3, directory data quality inspection
Check the quality of the catalog database by manual proofreading or software automatic proofreading. Check whether the description items are complete and whether the description contents are standardized and accurate. If unqualified data is found, it should be revised or re-recorded.
Eight, data linking
1, summary hook
The catalog database and image database formed in the process of digital conversion of archives are confirmed to be "qualified" through quality inspection, and then loaded into the data server in time through the network for summary. Through programming or with the help of corresponding software, it is possible to automatically find relevant digital images in the catalog data, add corresponding electronic address information, and realize batch and fast hook-up.
2. Data association
Based on the paper file directory database, one or more images scanned from each paper file are stored as image files. When storing image files in the corresponding folder, it is necessary to carefully check whether the name of each image file is the same as the file number in the archive directory database, whether the number of pages of image files is the same as that of files in the archive directory database, and whether the total number of image files is the same as that of files in the archive directory database. Through the consistency and uniqueness of the file name of each image file and the file number of the file in the archive directory database, a one-to-one correspondence relationship is established, which provides conditions for batch connection between the archive directory database and image files.
3. Fill in the handover registration form of digital conversion process of paper documents carefully, record the number of pages after data association, and check whether the number of pages after each file association is consistent with the number of pages filled in during file sorting and scanning. In case of inconsistency, the specific reasons and treatment methods shall be indicated.
Nine, data acceptance
1, data sampling
1) Check the overall quality of all sampled and digitized data, including catalog database, image file and data hook.

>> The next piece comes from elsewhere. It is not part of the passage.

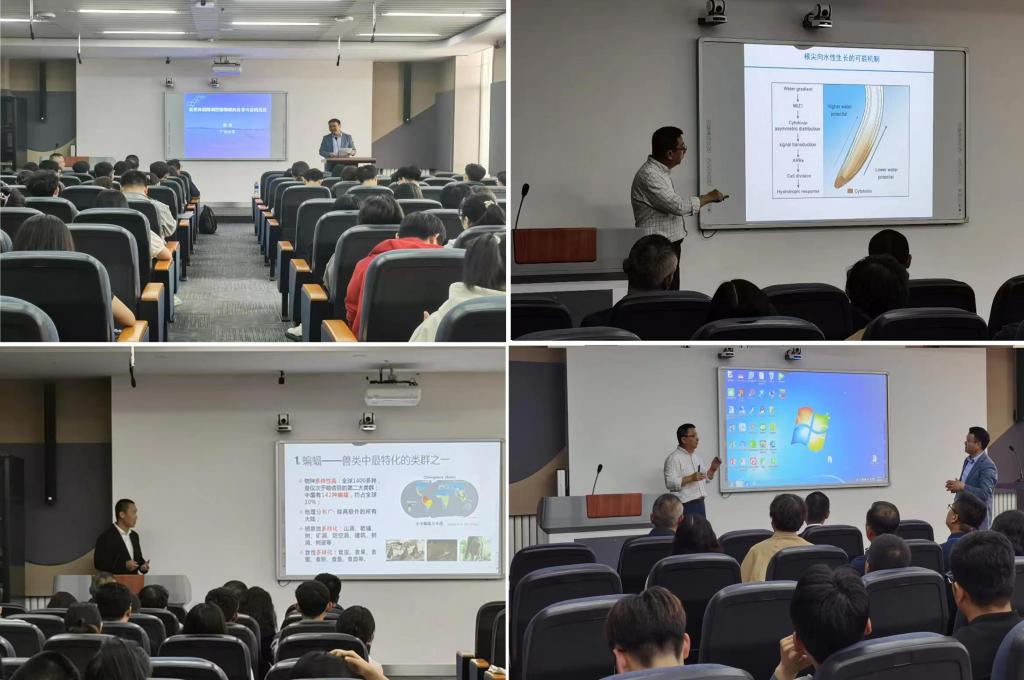 黎家为教育部“长江学者”特聘教授,长期从事植物激素油菜素内脂信号转导及植物受体激酶生物学功能方面的研究,相关成果在《Cell》等国际重要学术期刊发表。黎家教授在报告中介绍道,受体激酶通过对底物的磷酸化调控蛋白质的功能,进而调节细胞间交流及生物体对外界刺激的响应。基于油菜素内酯共受体激酶BAK1的深入研究,黎家系统地阐述了油菜素内酯受体(BRI1)众多点突变的详尽功能和分子调控机理,并通过巧妙的实验设计解释了细胞分裂素不对称分布决定根的向水性生长及向水性生长中类受体激酶对细胞壁合成及修饰发挥的重要调控作用。余文华教授给大家报告了蝙蝠与人类的关系、适应性状,并通过系统发育基因组学、生物信息学等手段,探讨了蝙蝠的系统分类、起源、表型分化、空间分布、病毒病原学及物种演化的内在规律,还就粤港澳大湾区国家战略下广州大学和广大生命科学公司的创新发展做了简要介绍。

2) For fonds, the sampling rate for data acceptance shall not be less than 5%.
2, acceptance index
1) When there is an error code link between the catalog database and the image file, or one of the catalog database and the image file has quality problems such as incompleteness, ambiguity and errors, the sampling inspection is marked as "unqualified".
2) When the qualified rate of sampling inspection on the quality of digital conversion of fonds files reaches more than 95% (including 95%), it is deemed as "passed".
Qualified rate: number of documents that passed sampling inspection/total number of documents that passed sampling inspection × 100%.
3. Acceptance review
The conclusion of "passing" acceptance must be reviewed and signed by the leader in charge before it can take effect.
4. Acceptance registration
Fill in the registration form of digital acceptance of paper files carefully.
X. data backup
1, backup range
Complete and qualified data should be backed up in time.
2. Backup method
In order to ensure data security, the choice of backup carriers should be diversified, and multiple sets of backups can be realized by combining online and offline, and attention should be paid to remote storage.
3. Data check
You should also check the backup data. The inspection of backup data mainly includes whether the backup data can be opened, whether the data information is complete and whether the number of files is accurate.
Step 4 Back up the label
After data backup, the corresponding backup media should be marked for easy searching and management.
5. Backup registration
Fill in the paper file digital backup management registration form.
XI。 Digital achievement management
1. The management of digital achievements of paper archives should be strengthened to ensure their safety, integrity and long-term availability.
2. When providing online retrieval and utilization of digital results of paper archives, the electronic identification of the production unit shall be provided, and the downloadable or non-downloadable data formats shall be adopted respectively according to the specific circumstances.